Depuis un an, nous avons organisé la grande conférence des amis de la Syrie à Paris et été les premiers à reconnaître la Coalition nationale syrienne. Nous avons été très actifs dans l’aide humanitaire. Nous avons aussi, les premiers, accrédité un ambassadeur de la Coalition à Paris. Nous avons soutenu Moaz Al-Khatib, le président de la Coalition, dans sa proposition courageuse de dialogue avec certains éléments du régime. Nous avons participé, et j’étais moi-même un de ceux qui ont tenu la plume, à "Genève I". Nous faisons partie du noyau de ceux qui peuvent peser.

Quel est le niveau d’engagement des Iraniens aux côtés du régime syrien ?
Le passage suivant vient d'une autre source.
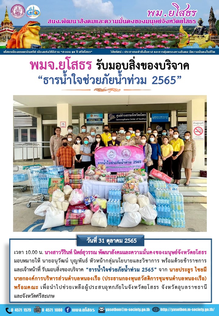 พมจ.ยโสธร รับมอบสิ่งของบริจาค "ธารน้ำใจช่วยภัยน้ำท่วม 2565" (31 ตุลาคม 2565)

Considérable. Il existe d’ailleurs une certaine relation entre la question du nucléaire iranien et les affrontements en Syrie. Si la communauté internationale n’est pas capable d’arrêter un mouvement dans lequel les hommes d’Assad sont soutenus puissamment par les Iraniens, quelle sera notre crédibilité pour assurer que l’Iran ne se dotera pas de l’arme nucléaire ?

A quel horizon pensez-vous que l’Iran puisse se doter de l’arme nucléaire ?

Pas avant les élections iraniennes de juin. Nous sommes totalement hostiles à la dissémination nucléaire. Si l’Iran se dote de l’arme nucléaire, d’autres en feraient de même dans cette région. L’Iran peut parfaitement utiliser le nucléaire civil, mais pas acquérir la bombe atomique. Pour l’éviter, il faut négocier et sanctionner.

Et en cas d’échec ?

Toutes les options sont sur la table, mais l’option souhaitable est que la négociation réussisse.

Concernant le Mali, l’opération militaire française est présentée comme un succès. Comment, maintenant, gagner la paix ?

Les améliorations sont considérables. Mi-janvier, tout le pays risquait de tomber sous la coupe cruelle des terroristes, menaçant la sécurité des Maliens et des pays voisins. Aujourd’hui, la plupart des terroristes sont neutralisés. La sécurité revient. Les élections se préparent. Cela ne signifie pas que tout soit réglé. Il reste à réussir le passage de la force africaine à la force de l’ONU, veiller à ce que le dialogue Sud/Nord soit une réalité, que Kidal ne soit plus une zone de non-droit, et faire en sorte que les élections aient lieu à leur date. Il reste à réussir la paix.

Est-ce que l’échec de la stabilisation en Afghanistan après une opération militaire réussie n’incite pas à la prudence sur l’après-guerre au Mali ?

Nous devons tirer les leçons du passé, même si les circonstances sont différentes. Eviter les buts d’opérations imprécis et changeants. Au Mali, les buts sont de bloquer les terroristes, de rétablir la sécurité et l’intégrité du pays, afin que le pays se développe dans la paix. Il faut aussi lier étroitement la sécurité, la démocratie et le développement. Lutter contre la corruption et la drogue. Ne pas tolérer d’exactions. Et éviter de devenir une armée d’occupation : c’est pourquoi nous avons dit que nous n’avions pas vocation à rester éternellement au Mali.

Insister pour organiser des élections en juillet, n’est-ce pas une erreur ?

Certainement pas. Le gouvernement et le président actuels sont des autorités de transition. Il faut des institutions durables et des élections légitimes.

Le Mali marque-t-il un retour à la politique traditionnelle de la France en Afrique ?

Sur le Mali, l’ensemble des pays africains a soutenu cette opération. J’ai participé à une grande réunion à Addis-Abeba, très émouvante, où la moitié des chefs d’Etat qui se sont exprimés ont terminé leurs propos en disant "Vive la France !". Jamais je n’avais entendu cela. On nous demande beaucoup de choses, à nous, la France. Nous faisons le maximum, mais nous n’avons pas vocation à intervenir partout.